--- START ---
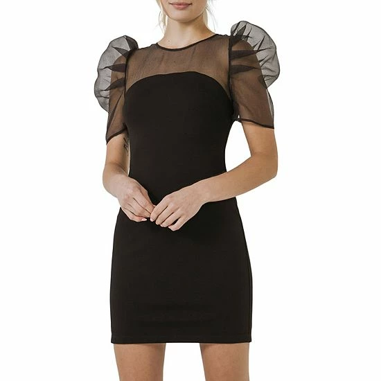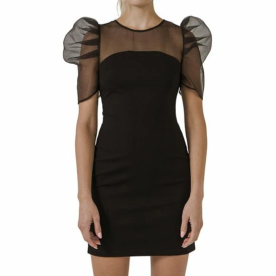 A fresh take on organza this mini dress has a fitted silhouette with round neckline mini length and short sleeves. Made with a knit fabric it is both comfortable and stylish. Whether you are dressing up for a special occasion or dressing down for a day at the office this dress is sure to make a statement.
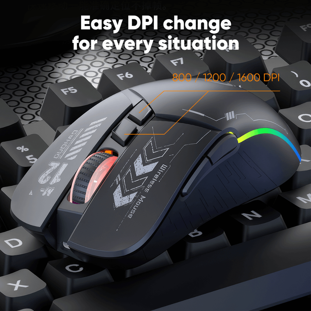 Gaming Mouse Wireless 2.4G RGB Lights Rechargeable Baterai
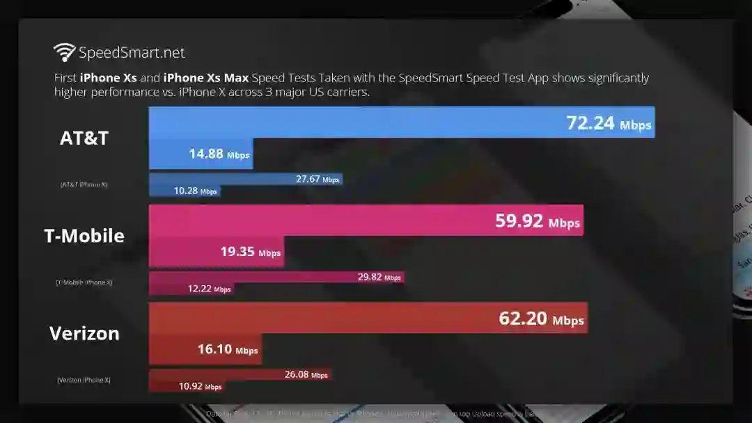 这次的测试采用了 SpeedSmart Speed Test 应用,测试时间是 9 月 12 日 ~ 16 日期间。尽管初期测试样本数量有限,但结果已经很清楚了。需要注意的是即将推出的 iPhone XR 上我们不会看到这项改进。
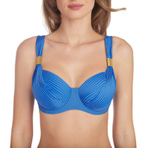 Купальник слитный со сборкой по линии груди, рельефными линиями, застежкой на спинке и съемными чашечками.
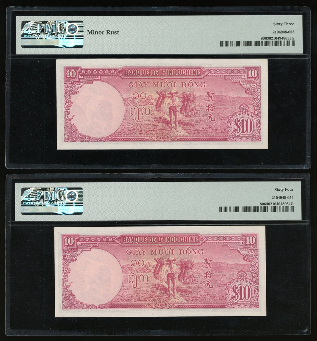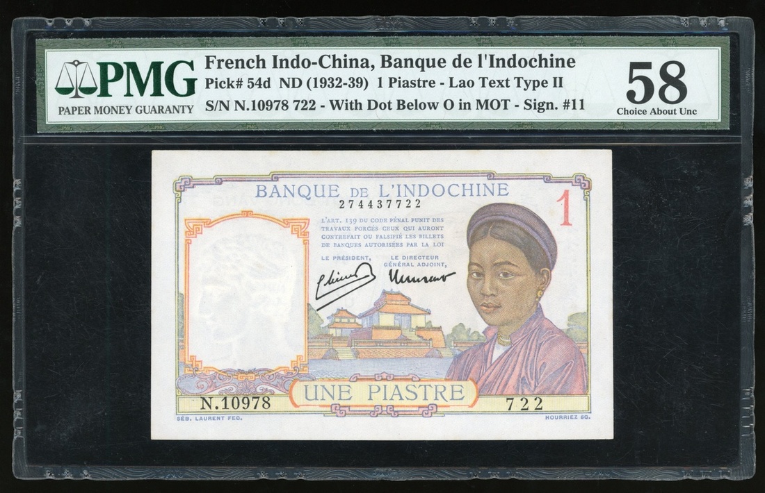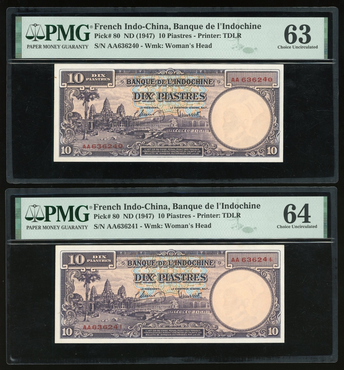 French Indo-China, a group of 3 notes, consists of 1 piastre, ND(1932-39), N. 10978 722, and a consecutive pair of 10 piastres, ND(1947), AA636240-41 (Pick 54d and 80), graded PMG 58, 63(Minor Rust) and 64 respectively (3).
--- END ---
▶ What the task asks: A verbatim transcript of the entries above is required, with the pictures left out.

▶ Result for this exercise:
 A fresh take on organza this mini dress has a fitted silhouette with round neckline mini length and short sleeves. Made with a knit fabric it is both comfortable and stylish. Whether you are dressing up for a special occasion or dressing down for a day at the office this dress is sure to make a statement.
 Gaming Mouse Wireless 2.4G RGB Lights Rechargeable Baterai
 这次的测试采用了 SpeedSmart Speed Test 应用,测试时间是 9 月 12 日 ~ 16 日期间。尽管初期测试样本数量有限,但结果已经很清楚了。需要注意的是即将推出的 iPhone XR 上我们不会看到这项改进。
 Купальник слитный со сборкой по линии груди, рельефными линиями, застежкой на спинке и съемными чашечками.
 French Indo-China, a group of 3 notes, consists of 1 piastre, ND(1932-39), N. 10978 722, and a consecutive pair of 10 piastres, ND(1947), AA636240-41 (Pick 54d and 80), graded PMG 58, 63(Minor Rust) and 64 respectively (3).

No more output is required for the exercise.